Study seeks to help the country reduce mortality from cervical cancer by 30%

( A study in which our country participates seeks to ensure that the mortality from cervical cancer decreases by 30% between now and 2030, and be completely eradicated in the long term.

It is about the Emulticenter screening and triage study using the human papillomavirus test (ESTAMPA) which is being carried out in 50 thousand women from 9 Latin American countries.

Particularly in Costa Rica, there are approximately 10,000 women between the ages of 30 and 64, who are participating in the research, that is, 20% of the entire study are Costa Ricans.

The research is promoted by the World Health Organization (WHO) and the International Agency for Research on Cancer (IARC). Therefore, the country seeks to align itself with the goals of the medical organization.
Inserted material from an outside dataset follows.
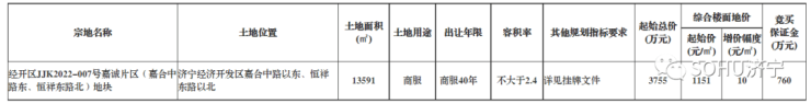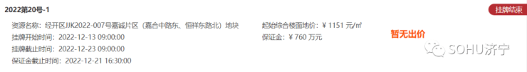 无竞买方报价!济宁经开区流拍1宗国有土地使用权

“With great pride we can affirm that the CCSS has highly trained personnel to carry out an investigation of this level. And, thanks to the analysis and data obtained, it will be possible to positively change the way in which this disease is addressed, both in our country and in all of Latin America and in the rest of the world as well,” said Marta Esquivel, executive president of the Costa Rican Social Security Fund (CCSS).
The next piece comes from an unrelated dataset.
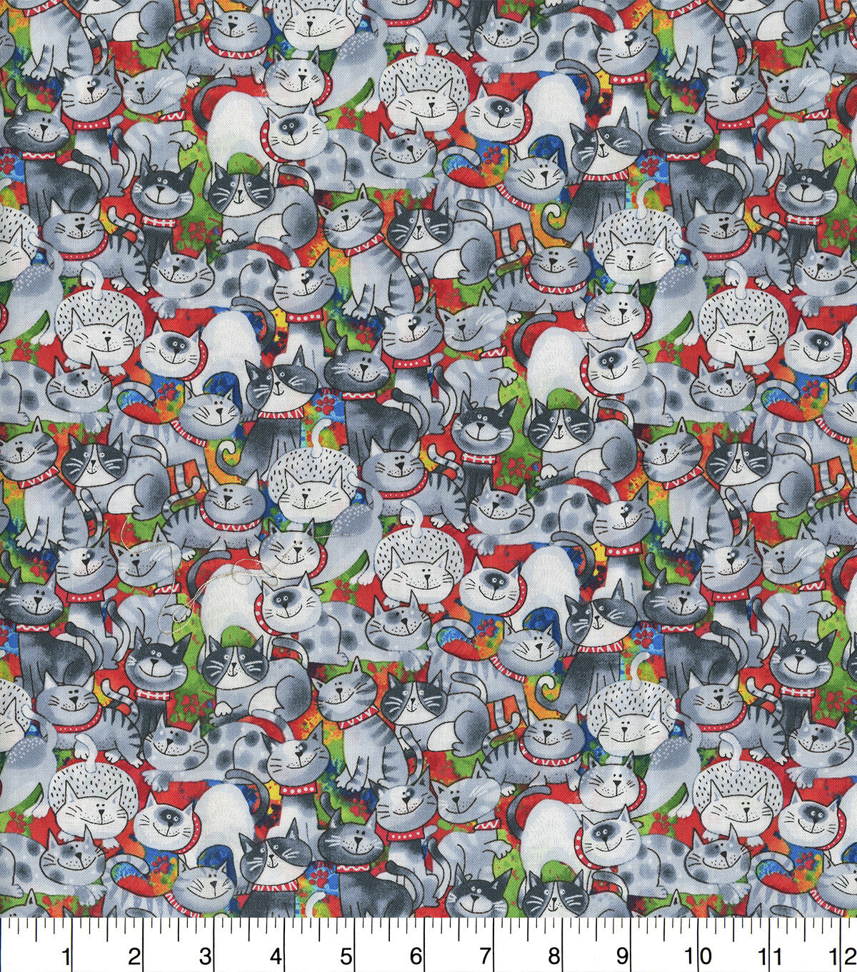 • Hi Fashion Gray Cats on Tie Dye Novelty Cotton Fabric

According to the official, the objective of the project is based on the search for best tests for early detection of cervical cancer in the female population.

In fact, the first results presented by the institution this Wednesday, within the framework of International Women’s Day, show that the screening for the detection of HPV carried out by the country has an effectiveness of 96%.
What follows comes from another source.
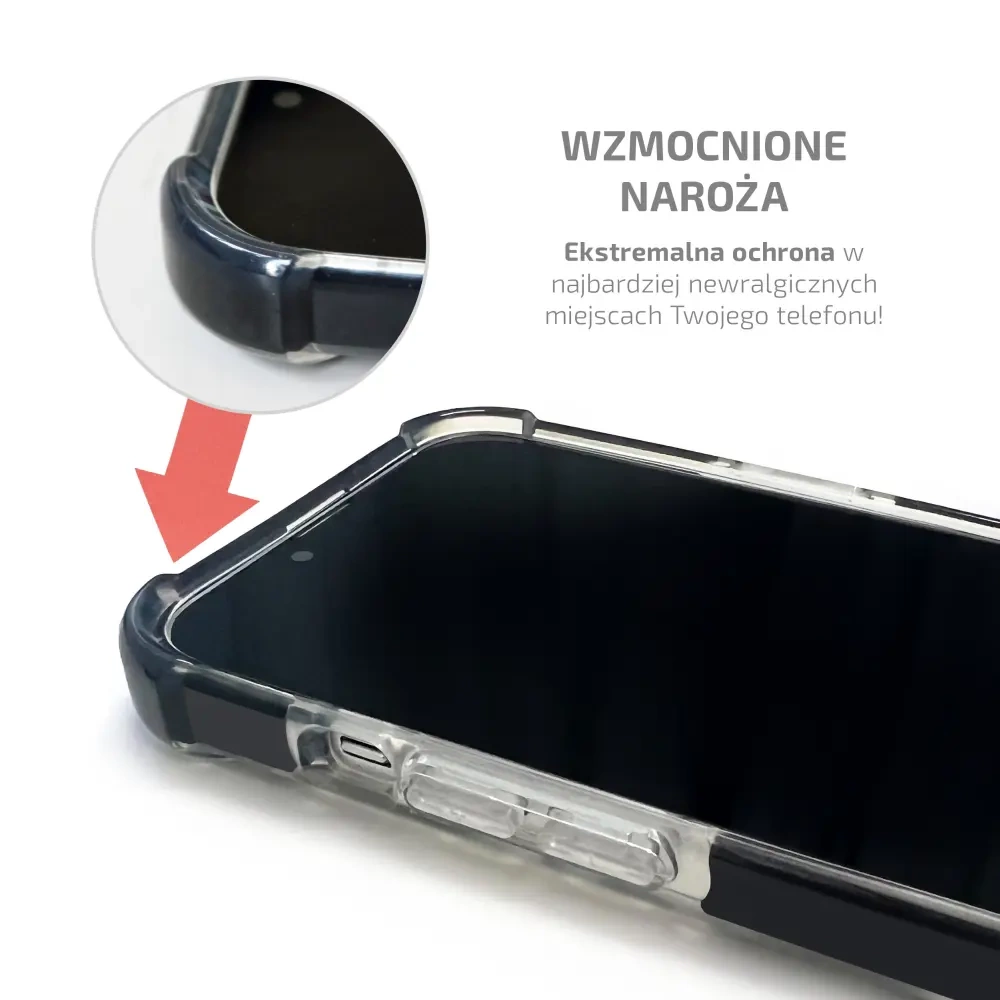 Wytrzymałe bumpery w narożnikach zapewniają skuteczną amortyzację przy każdym upadku bez względu na kąt czy wysokość. Elastyczna warstwa silikonu otula urządzenie, sprawiając, że energia uderzenia zostaje równomiernie rozłożona po całej obudowie.

While the Pap smear, gives a 40% effectiveness in detection of this virus that causes cervical cancer, or cervical cancer.

Every year, in our country, between 330 and 350 cases are diagnosed, of which, on average, 140 women unfortunately die in that period while battling the disease.

“Today no one should die from cervical cancer, since it is probably the only cancer that is 100% preventable. Having this evidence will allow us to save women’s lives,” said Dr. Alejandro Calderón Céspedes, principal investigator of the project.

This first stage of the study carried out in the Central Pacific of the country, for being the region with the greatest epidemiological impact from cervical cancer.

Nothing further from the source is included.